Task directions |
Images are to be dropped, and the rest of the data reproduced exactly.

═══ Supplied information

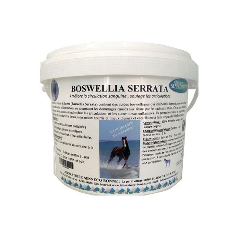 L'extrait de résine de l'arbre (Boswellia Serrata) contient des acides boswelliques qui inhibent la formation des leucotriènes responsables des inflammations en accentuant les dommages causés aux tissus par les radicaux libres.
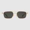 • Shiny yellow gold-toned metal temples with cut-out Gucci logo and crystals
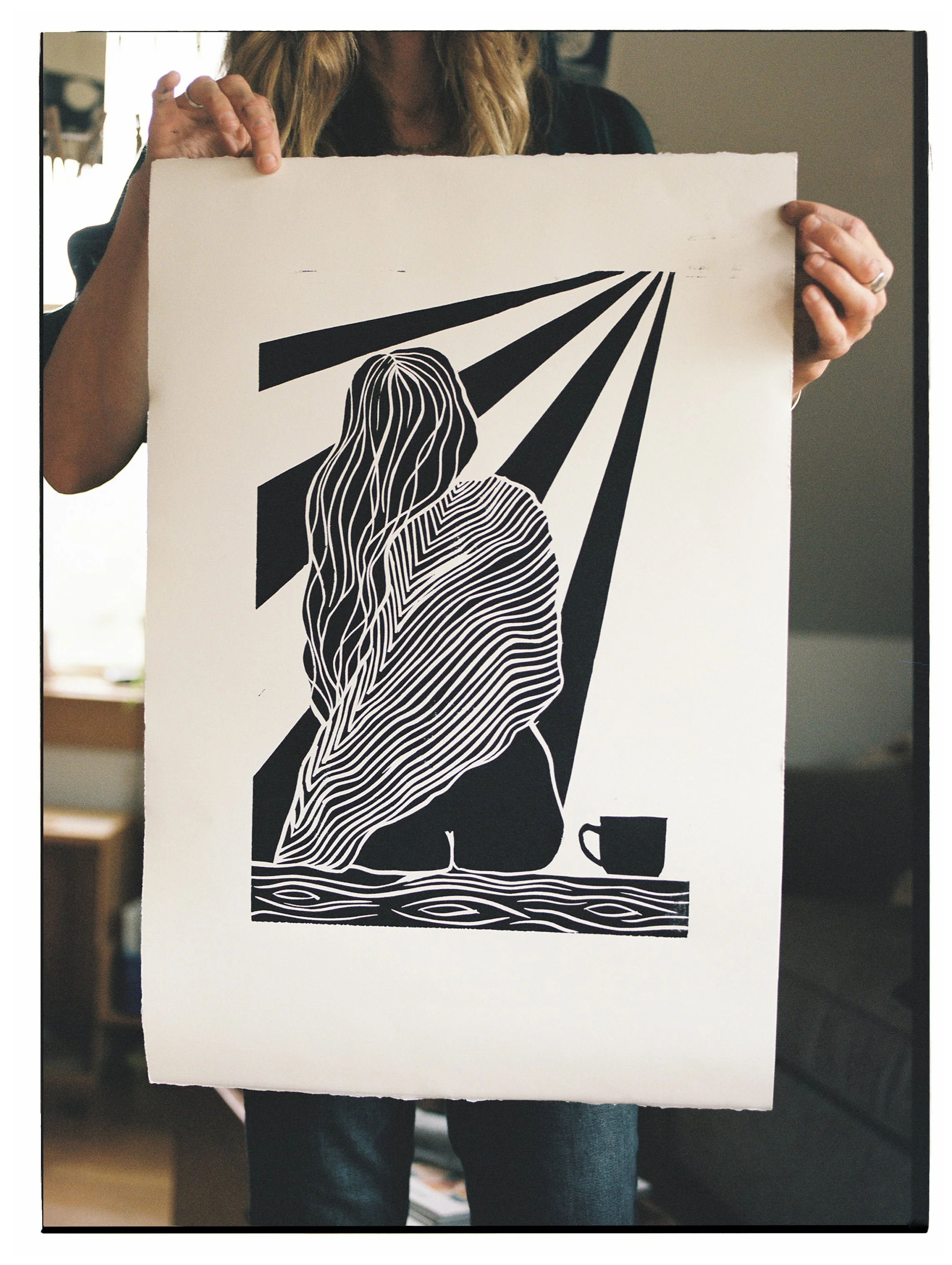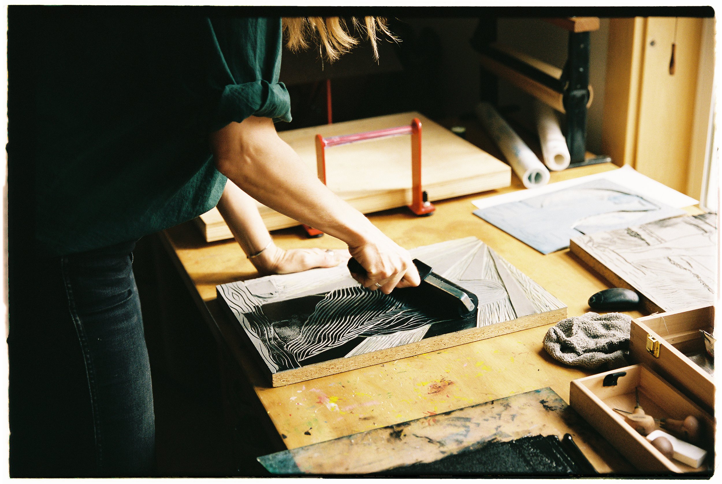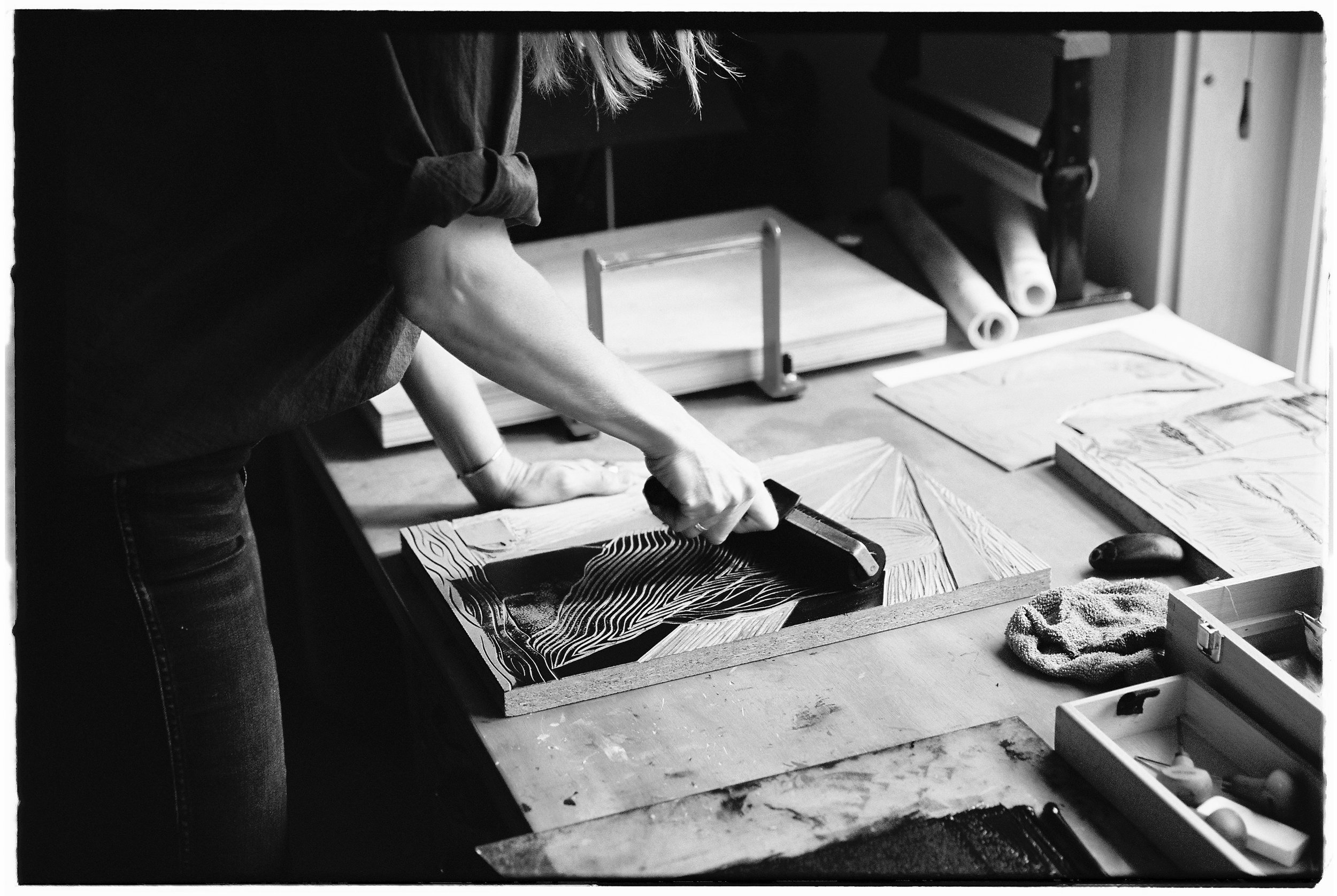 Drawing an image, intuiting the division of negative space and color, choosing fine paper for printing, and carving the block—the process of printing creates a flow that has informed other areas of my life. In the beginning, it feels lengthy and at times almost cumbersome, but with practice, the process becomes both a meditation and second nature.

══════

Result of the task |
 L'extrait de résine de l'arbre (Boswellia Serrata) contient des acides boswelliques qui inhibent la formation des leucotriènes responsables des inflammations en accentuant les dommages causés aux tissus par les radicaux libres.
 • Shiny yellow gold-toned metal temples with cut-out Gucci logo and crystals
 Drawing an image, intuiting the division of negative space and color, choosing fine paper for printing, and carving the block—the process of printing creates a flow that has informed other areas of my life. In the beginning, it feels lengthy and at times almost cumbersome, but with practice, the process becomes both a meditation and second nature.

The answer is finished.